Available data section start
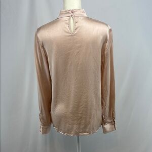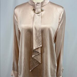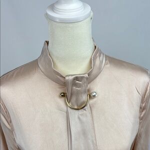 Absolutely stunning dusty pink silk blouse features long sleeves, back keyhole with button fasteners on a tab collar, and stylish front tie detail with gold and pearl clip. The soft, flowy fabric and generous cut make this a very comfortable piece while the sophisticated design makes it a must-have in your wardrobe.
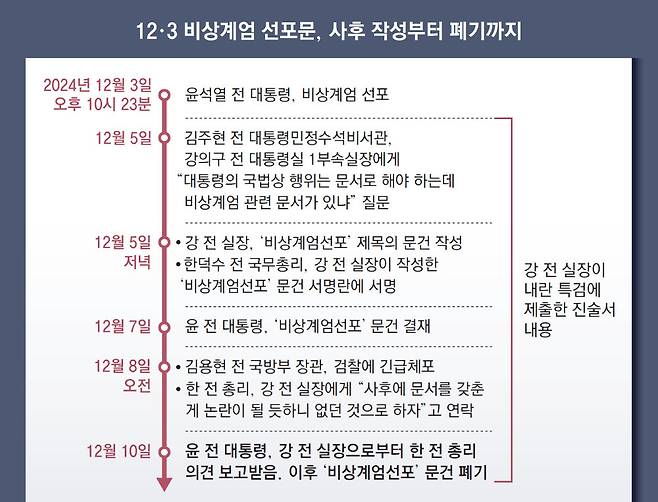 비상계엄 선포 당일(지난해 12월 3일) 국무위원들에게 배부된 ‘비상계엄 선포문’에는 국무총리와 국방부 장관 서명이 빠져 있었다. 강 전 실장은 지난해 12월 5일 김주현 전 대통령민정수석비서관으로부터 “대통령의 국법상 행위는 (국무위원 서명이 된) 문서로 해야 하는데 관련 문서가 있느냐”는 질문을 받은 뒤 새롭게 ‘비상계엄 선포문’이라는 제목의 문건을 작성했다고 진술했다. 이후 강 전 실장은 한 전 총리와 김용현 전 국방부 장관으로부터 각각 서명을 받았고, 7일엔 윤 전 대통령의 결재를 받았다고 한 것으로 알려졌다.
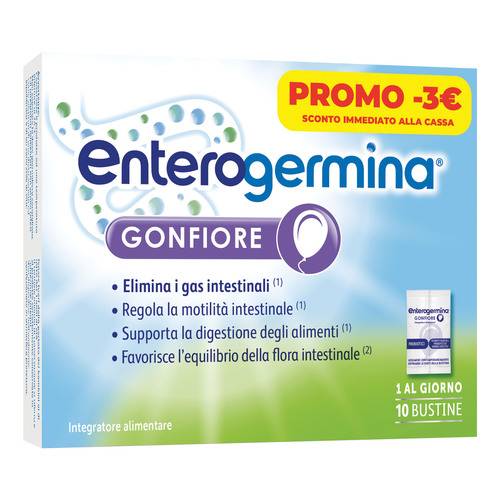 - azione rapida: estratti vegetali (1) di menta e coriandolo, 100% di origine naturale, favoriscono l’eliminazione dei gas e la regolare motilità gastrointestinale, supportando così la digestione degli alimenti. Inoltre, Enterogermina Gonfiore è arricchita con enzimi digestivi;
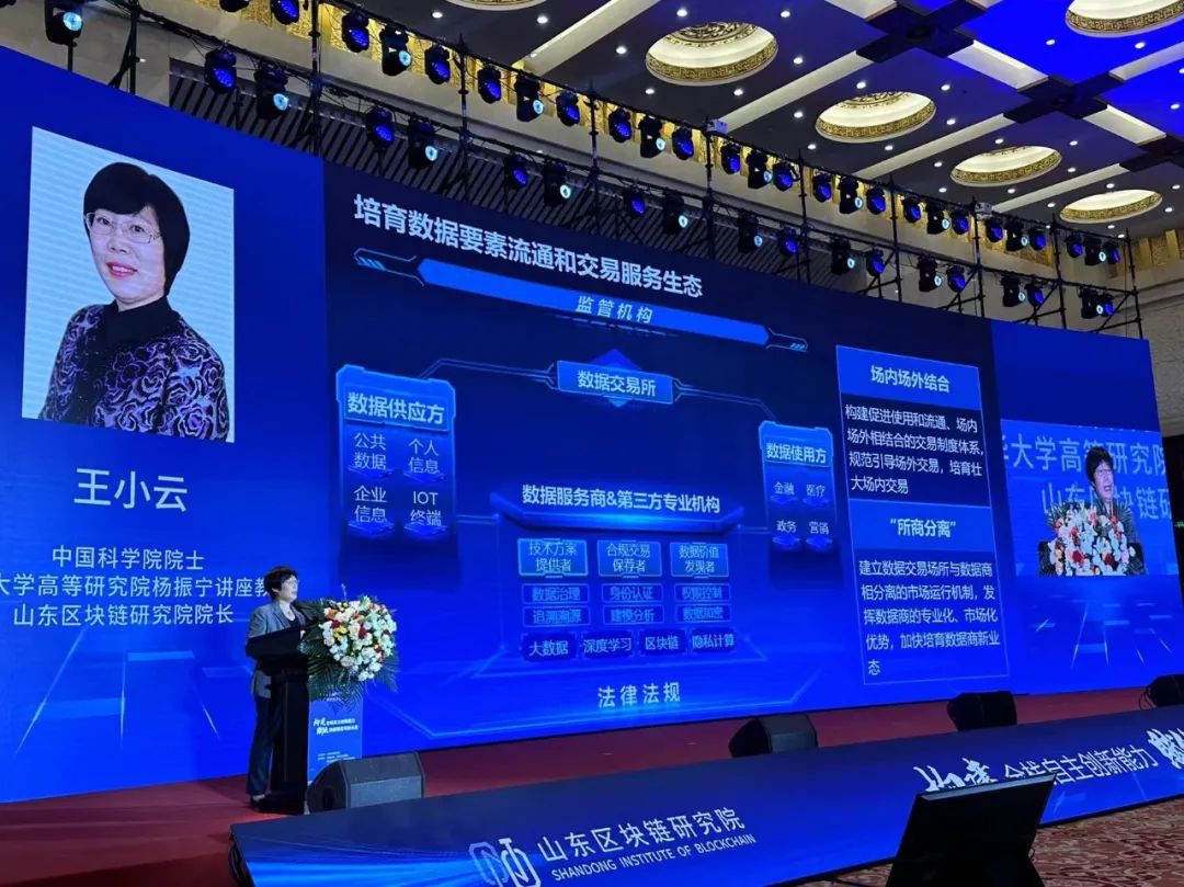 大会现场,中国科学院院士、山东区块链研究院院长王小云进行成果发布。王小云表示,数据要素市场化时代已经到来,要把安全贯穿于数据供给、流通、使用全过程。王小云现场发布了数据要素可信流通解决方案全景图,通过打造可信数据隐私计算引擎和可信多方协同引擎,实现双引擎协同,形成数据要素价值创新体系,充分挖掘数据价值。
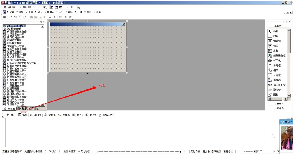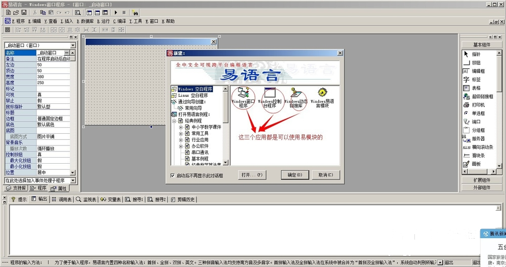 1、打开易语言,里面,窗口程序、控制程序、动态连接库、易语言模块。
Available data section end
● Your objective:
Write out each line again, exactly as it appears above, except for any picture.

● Exercise output:
 Absolutely stunning dusty pink silk blouse features long sleeves, back keyhole with button fasteners on a tab collar, and stylish front tie detail with gold and pearl clip. The soft, flowy fabric and generous cut make this a very comfortable piece while the sophisticated design makes it a must-have in your wardrobe.
 비상계엄 선포 당일(지난해 12월 3일) 국무위원들에게 배부된 ‘비상계엄 선포문’에는 국무총리와 국방부 장관 서명이 빠져 있었다. 강 전 실장은 지난해 12월 5일 김주현 전 대통령민정수석비서관으로부터 “대통령의 국법상 행위는 (국무위원 서명이 된) 문서로 해야 하는데 관련 문서가 있느냐”는 질문을 받은 뒤 새롭게 ‘비상계엄 선포문’이라는 제목의 문건을 작성했다고 진술했다. 이후 강 전 실장은 한 전 총리와 김용현 전 국방부 장관으로부터 각각 서명을 받았고, 7일엔 윤 전 대통령의 결재를 받았다고 한 것으로 알려졌다.
 - azione rapida: estratti vegetali (1) di menta e coriandolo, 100% di origine naturale, favoriscono l’eliminazione dei gas e la regolare motilità gastrointestinale, supportando così la digestione degli alimenti. Inoltre, Enterogermina Gonfiore è arricchita con enzimi digestivi;
 大会现场,中国科学院院士、山东区块链研究院院长王小云进行成果发布。王小云表示,数据要素市场化时代已经到来,要把安全贯穿于数据供给、流通、使用全过程。王小云现场发布了数据要素可信流通解决方案全景图,通过打造可信数据隐私计算引擎和可信多方协同引擎,实现双引擎协同,形成数据要素价值创新体系,充分挖掘数据价值。
 1、打开易语言,里面,窗口程序、控制程序、动态连接库、易语言模块。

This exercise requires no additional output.